Yeah, and they were even profitable with ~3k employees. Then the hiring spree started and they went negative. Even if there wasn't Musk they would have to let go at least 30% of the people.

spaceman_2020 · 3 years ago

The stock was rightly crashing when the company was public. A social media site that manges to lose money during the pandemic is truly mismanaged.

mhio · 3 years ago

Have a browse through their engineering blog: https://blog.twitter.com/engineering/en_us

It's largely focussed on the event stream behind the core service and data analytics. There's maybe one entry on the main data store and one on search over the last few years.

busymom0 · 3 years ago

Not just that. From my personal experience, twitter had to be one of the slowest websites I use. Even in my 2020 mac, it often shows the memory warning in safari. Things take a while to load. And the UX is terrible with having to constantly click to read child comments, having to click on “show hidden replies” etc. I honestly have no idea how a company with thousands of employees and a billion in loss was able to operate such a terribly performing website.

pessimizer · 3 years ago

It had to take a bunch of them to wreck the UI.

xedrac · 3 years ago

I think a likely answer is "moderating". That would explain why Elon was ok letting so many go so quickly.

Robotbeat · 3 years ago

From what I understand, contractors were used for moderating.

francisofascii · 3 years ago

> What exactly where these thousands of employees actually doing Maybe trying to increase traffic, attract advertisers, add efficiencies. Not everyone is an SRE. As long as your efforts increase revenue by more than you cost as an employee, you are adding value.

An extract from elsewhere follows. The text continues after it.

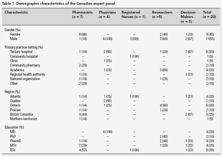 The co-investigators and the partnering national organizations - Canadian Council on Health Services Accreditation, Canadian College of Health Service Executives, Canadian Institute for Health Information, Canadian Pharmacists Association, Canadian Society of Hospital Pharmacists and the Institute for Safe Medication Practices Canada - were responsible for identifying nationally recognized experts in the safety of the medication-use system. An attempt was made to ensure that the panel had representation from across the country and from a variety of health professions and backgrounds. The 20 potential panellists who were identified were initially contacted by e-mail; they received a brief description of the study and what would be required of participants. Panellists were selected based on their experience, willingness to participate and availability. All 20 potential panellists asked agreed to participate; the target size of 20 people was governed by resource constraints. The panel consisted of experts in medication safety representing medicine, nursing, pharmacy, research and decision-makers in hospital and community settings across Canada (Table 1).

whatshisface · 3 years ago

If the 3x headcount increase really did add no value, there are still about 1/3rd profitable employees there now. In fact giant layoffs tend to cut the best people first because they are the ones who feel comfortable walking. The people that are the last to go are the ones who are very entrenched in the organization and who don't estimate their chances outside of it highly, and that's the exact description of who Elon thinks he's laying off.

JamesBarney · 3 years ago

I've found the opposite. I almost never see low performing employees fired outside of a mass layoff. In every layoffs I've seen 10x as many people were fired as quit. So you lose a bunch of low performers involuntarily, and a few top performers both voluntarily and involuntarily and that leads to the average quality improve.

xyzzyz · 3 years ago

> In fact giant layoffs tend to cut the best people first because they are the ones who feel comfortable walking.

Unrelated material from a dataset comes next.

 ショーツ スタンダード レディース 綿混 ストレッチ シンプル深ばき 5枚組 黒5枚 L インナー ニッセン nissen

This is more true when the layoffs happen because the company’s situation deteriorates. If the company cuts jobs because revenues fall and products fail, better employees are indeed more likely to move to greener pastures before mediocre ones do. If, however, the company prospects improve, rather than worsen, this is no longer the case.

kybernetyk · 3 years ago

>What exactly where these thousands of employees actually doing

They had wine on tap.

amrocha · 3 years ago

Ok? Are we going to pretend that perks like that aren't common in the tech industry? Are you being disingenuous on purpose?

fhaldridge7 · 3 years ago

I have worked at companies with beer on tap. It doesn't mean that people are constantly drinking. The only time someone touched it was Friday evenings

jansan · 3 years ago

Did't you see the "Day in my life at the Twitter office video!"?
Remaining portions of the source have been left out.